Не обращая внимания на вопрос, она заговорила как будто сама с собой:
— Еще морали ему читать не надо. Душа у него не терпит. Скажите, пожалуйста! Тяжело!.. Бежать, голубчик, хочешь от трудностей, дезертировать.
Степан не ждал такого оборота. Бежать, думал он, можно с фронта в тыл, но дезертировать из тыла на фронт…
— Ты, может, думаешь, голубчик, что это храбрость великая — на фронт проситься. Один ты, что ли, готов идти туда? Всякий готов. Ты же знаешь. Что же, по-твоему, выходит, все должны истерики закатывать, да? Нет, быть там, где душе труднее, но нужнее делу, — вот храбрость, вот воля. Когда там понадобишься — позовут.
— Эх, товарищ Огаркова!..
— Что, товарищ Криничный? — улыбнулась она.
— Я-то понимаю, а вот вы… Не понимаете вы меня!
Так ничем и кончился разговор.
«Что ж, — угрюмо думал Степан, — не кровью, так потом, а служить надо. Правда, конечно, мастерство мое здесь нужно. Не пулями забью, так сталью залью фашисту глотку».

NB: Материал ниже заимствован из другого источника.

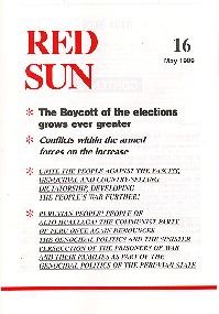 Red Sun is newly appearing again after three years of hard and fierce struggle. Today, despite the fact that the situation is still complex and difficult, we have been able to overcome the opposition. This opposition is nothing more than positions which converge with the ROL (the revisionist and capitulationist Right Opportunist Line). The non-publication of Red Sun along with the problems presented in the fulfillment of the tasks of the MPP (to wit: support the People's War in Peru; assist in the constitution, reconstitution or development of Communist Parties; and serve the World Proletarian Revolution, and within this the RIM), have to do with problems linked to the struggle. This opposition to the fulfillment of the tasks of the MPP are forms of convergence with the ROL to different degrees. For this reason we emphasize that we should leave aside petty struggles and center on the defense of the Basis of Party Unity, putting strategic matters ahead of the daily problems which obscure. In this way a very important victory for the Party and Chairman Gonzalo begins to form. The unmistakable proof of this is that capitulation and splitting begins to be ward off, which shows that in general, far from centering on individual interests, almost all are for moving forward and for the fulfilling of the tasks which the Party has entrusted to the MPP. The determining factor of this victory for Chairman Gonzalo, in reference to the international work, has been, is and shall be the advance of the People's War, which currently finds itself totally resolving the overcoming of the bend in the road. The current situation defined by the Party is a situation in which "the winds blow in our favor." It was Chairman Gonzalo himself in his speech from 1992 who said that his capture was nothing more than a bend in the road, a bend in the road before which he himself, at that moment, gave the directive to strengthen the forces to continue fulfilling our tasks and reach our goal: Victory. The key question has been, is and shall continue to be the defense of the Great Leadership and Basis of Party Unity, and the principal thing is to continue forward and continue developing the People's War. |
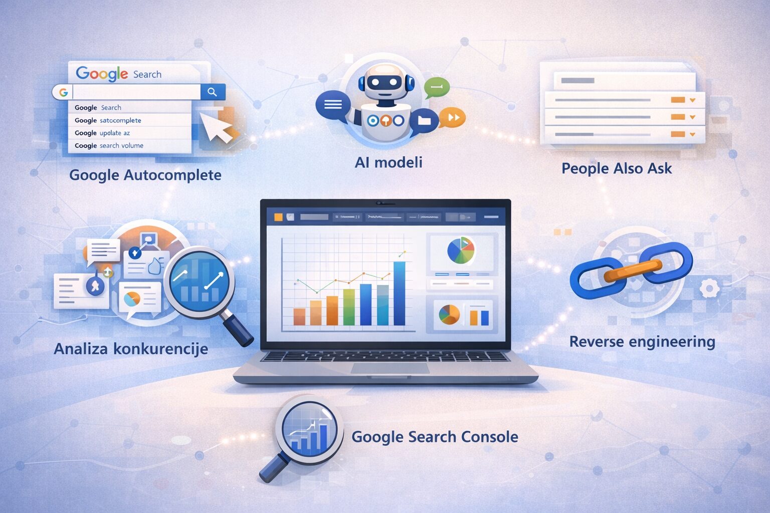 Pronalaženje pravih termina zahteva kombinaciju besplatnih Google alata i profesionalnih platformi poput Ahrefs-a i Semrush-a.
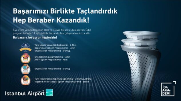 İGA, 2022 Brandon Hall ve Stevie Awards Uluslararası Ödül programlarında 11 ayrı ödülle çalıştırılan çalışmalara imza attı.

Он отдавался работе с упрямым и злым азартом. У мартена забывалась боль. Гудело и рвалось из печи белое бешеное пламя. Дрожал на железных плитах пола яркий его отсвет, и неспокойные тени прыгали по стене. И когда многотонной тяжестью обрушивалась в желоб толстая слепящая глаза струя стали и разлетались сверкающим фейерверком огненные брызги, тогда закипали в сердце Степана радость и гордость.

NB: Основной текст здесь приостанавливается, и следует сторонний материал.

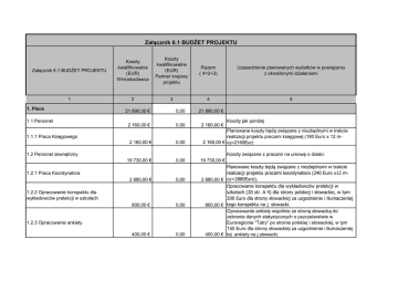 Załącznik 6.1 BUDŻET PROJEKTU Załącznik 6.1 BUDŻET PROJEKTU Koszty kwalifikowalne (EUR) Wnioskodawca Koszty kwalifikowalne (EUR) Partner krajowy projektu Razem ( 4=2+3) Uzasadnienie planowanych wydatków w powiązaniu z określonymi działaniami 1 2 3 4 5 1. Płace 1.1 Personel 21 890,00 € 0,00 21 890,00 € 2 160,00 € 0,00 2 160,00 € 1.1.1 Praca Księgowego 2 160,00 € 0,00 19 730,00 € 0,00 Koszty jak poniżej Planowane koszty będą związane z niezbędnymi w trakcie realizacji projektu pracami księgowej (180 Euro x 12 m2 160,00 € cy=2160Eur) 1.2 Personel zewnętrzny Koszty związane z pracami na umowę o dzieło: 1.2.1 Praca Koordynatora 2 880,00 € 0,00 800,00 € 0,00 400,00 € 0,00 1.2.2 Opracowanie konspektu dla wykładowców prelekcji w szkołach 1.2.3 Opracowanie ankiety 19 730,00 € Planowane koszty będą związane z niezbędnymi w trakcie realizacji projektu pracami koordynatora (240 Euro x12 m2 880,00 € cy=2880Euro). Opracowanie konspektu dla wykładowców prelekcji w szkołach (20 str. A 4) dla strony polskiej i słowackie, w tym 200 Euro dla strony słowackiej za uzgodnienie i tłumaczeniej 800,00 € tego konspektu na j. słowacki. Opracowanie ankiety wspólnie ze stroną słowacką do zebrania danych statystycznych o pszczelarstwie w Euroregionie "Tatry” po stronie polskiej i słowackiej, w tym 150 Euro dla strony słowackiej za uzgodnienie i tłumaczeniej 400,00 € tej ankiety na j.słowacki. 1.2.4 Przeprowadzenie instruktażu 200,00 € 0,00 Przeprowadzenie instruktażu dla 22 wykładowców ( w tym 2 ze słowacji) prelekcji w szkołach polskich i słowackich (2 200,00 € godz. x 100 Euro=200 Euro), 1.2.5 Zebranie danych statystycznych 1.2.6 Prelekcje w szkołach 6 400,00 € 0,00 6 000,00 € 0,00 1 000,00 € 0,00 Prelekcje w szkołach przez wykładowców 6 000,00 € 100 szkołach prelekcje x 60 Euro= 6.000 Euro) Zebranie ankiet z kół i opracowanie danych statystycznych o pszczelarstwie z „Euroregionu Tatry” oraz uzgodnienie danych z partnerem słowackim (10 dni X 2 osoby x 50 Euro= 1 000,00 € 1000 Euro), 900,00 € 0,00 Opracowanie referatu i przeprowadzenie wykładu w trakcie M. Konferencji 30 minut (6 x 150 Euro=900 Euro), po 3 900,00 € wykładowców z Polski i Słowacji 250,00 € 0,00 Przygotowanie pasiek do prezentacji w trakcie 250,00 € Międzynarodowej Konferencji (5 pasiekX50 Euro)=250 Euro 1.2.7 Zebranie ankiet z kół i opracowanie danych statystycznych 1.2.8 Opracowanie referatu i przeprowadzenie wykładu 1.2.9 Przygotowanie pasiek do prezentacji 6 400,00 € 1.2.10 Przygotowanie do druku publikacji 2. Podróże (pociąg, autobus, samochód, etc.) 2.1 Podróże międzynarodowe 2.2 Podróże krajowe Zebranie danych statystycznych o pszczelarstwie z Euroregionie "Tatry” na podstawie ankiet (32kół x 200Euro=6400 Euro) po stronie polskiej i słowackiej, w tym 10 kół ze strony słowackiej 900,00 € 0,00 900,00 € 1 200,00 € 0,00 1 200,00 € 0,00 1 200,00 € 0,00 0,00 € 0,00 1 200,00 € 2.2.1 Transport pszczelarzy 1 200,00 € 0,00 € 1 200,00 € Przygotowanie do druku publikacji referatów z wykładów na konferencji i danych statystycznych wraz z tłumaczeniami na język polski i słowacki 40 str. A-4 lub 80str. A-5 Nie dotyczy Jak poniżej Transport 80 pszczelarzy do 5 pasiek - wynajęcie dwóch autobusów na trasie Nowy Targ - Stróża koło Nowego Sącza 3. Wyposażenie (meble, komputery, etc.) 8 750,00 € 0,00 € 8 750,00 € 3.1 Zakup zestawów multimedialnych 8 750,00 € 4. Spotkania i promocja projektu 4.1 Wyżywienie 0,00 10 120,00 € 0,00 € 2 080,00 € 0,00 € 640,00 € 0,00 € 2 080,00 € Zawiera poniższe koszty: Spotkanie integracyjne Pszczelarzy z Słowacji i Polski w trakcie I dnia Konferencji 80 x 8,00 Euro=640 Euro (obiad + 640,00 € spotkanie przy ognisku ewent. obiadokolacja). 0,00 € Wyżywienie dla wykładowców ( 6 wykł. x 2 (kolacja+obiad) x 240,00 € 20 Euro=240 Euro ( z Polski I Słowacji) 4.1.1 Spotkanie integracyjne 4.1.2 Wyżywienie dla wykładowców 4.1.3 Obiad dla gości specjalnych i uczestników Międzynarodowej Konferencji 4.2 Zakwaterowanie 8 750,00 € Zestawy(laptop + rzutnik + ekran) są niezbędne do przygotowywania i przeprowadzenia prelekcji w szkołach podczas realizacji projektu i będzie wykorzystywany do cyklicznie prowadzonych zebrań szkoleniowych w kołach i prelekcji w szkołach po zakończeniu realizacji projektu, jako element wdrożenia projektu, gdyż istniejące urządzenia w szkołach stwarzają trudności w ich wykorzystaniu, ograniczają możliwość kontaktu i przygotowywania materiałów szkoleniowych przez poszczególne koła pszczelarskie zgodnie z wymaganiami dla ich terenu działania. Proponuje się zakup Zestawów dla 7kół, będą one wykorzystywane prze 32 Koła Pszczelarskie KZP, rozłożone wzdłuż granicy Polsko-Słowackiej na terenie Euroregionu "Tatry".7szt. Zestawów X 1250 Euro =8750 Euro. Natomiast koszt elementów pojedyńczego zestawu wynosi::laptop-530 Euro, rzutnik-600 Euro, ekran-120 Euro = 1250 Euro. 240,00 € 10 120,00 € Obiad dla gości specjalnych i uczestników Międzynarodowej Konferencji podczas II dnia Konferencji (150 osób x 8 Euro = 1200 Euro) 1 200,00 € 0,00 € 1 200,00 € 2 240,00 € 0,00 € 2 240,00 € Zakwaterowanie jak poniżej 4.2.1 Zakwaterowanie wykladowców 240,00 € 4.2.2 Zakwaterowanie uczestników Konferencji 4.3 Publikacje, studia (bez wypłat) 0,00 € 2 000,00 € 0,00 € Zakwaterowanie uczestników Konferencji 1 dzień x 80 2 000,00 € osóbx25 Euro=2000 Euro, w tym 30 osób ze słowacji 4 100,00 € 0,00 € 4 100,00 € 1 500,00 € 0,00 € 2 250,00 € 0,00 € 150,00 € 0,00 € 200,00 € 0,00 € 0,00 € Działania związane z Międzynarodową Konferencją i 1 700,00 € konkursem dla szkół: 4.3.2 Druk publikacji 4.3.4 Druk ankiety 4.4 Inne (np. wynajem sal konferencyjnych) 4.4.1 Wynajęcie pomieszczenia 4.4.2 Upominki 4.4.3 Zakup materiałów, tablic informacyjn

Но радость была недолгой. Застывала в изложницах сталь — и потухал веселый огонек в глазах Криничного. Чтобы заглушить тоску и хоть как-нибудь оправдаться перед своей совестью, он после работы шел на шихтарник: там не хватало рабочих, и Степан помогал грузить шихту. Громадный, скупой на слова, он работал молча, упорно и яростно и радовался, когда боль усталости стягивала мышцы.
О его скоростных плавках и рекордных съемах стали шла уже слава, и в заводской многотиражке печатали о нем заметки. Степану это было приятно, но в то же время он между строк читал и упрек себе: здесь-то, в тылу, ты можешь геройство показывать, а попробовал бы там…
Однажды, стоя у пульта, он услышал, как говорят о нем начальник цеха и парторг.
— Исхудал дюже, горит в работе.
— Надо бы ему дополнительное питание как-то организовать.
Степан повернул к ним свою большую тяжелую голову и грубо сказал, почти крикнул:
— Возьмите его себе, питание это самое. Я и так не по праву хлеб народный ем!..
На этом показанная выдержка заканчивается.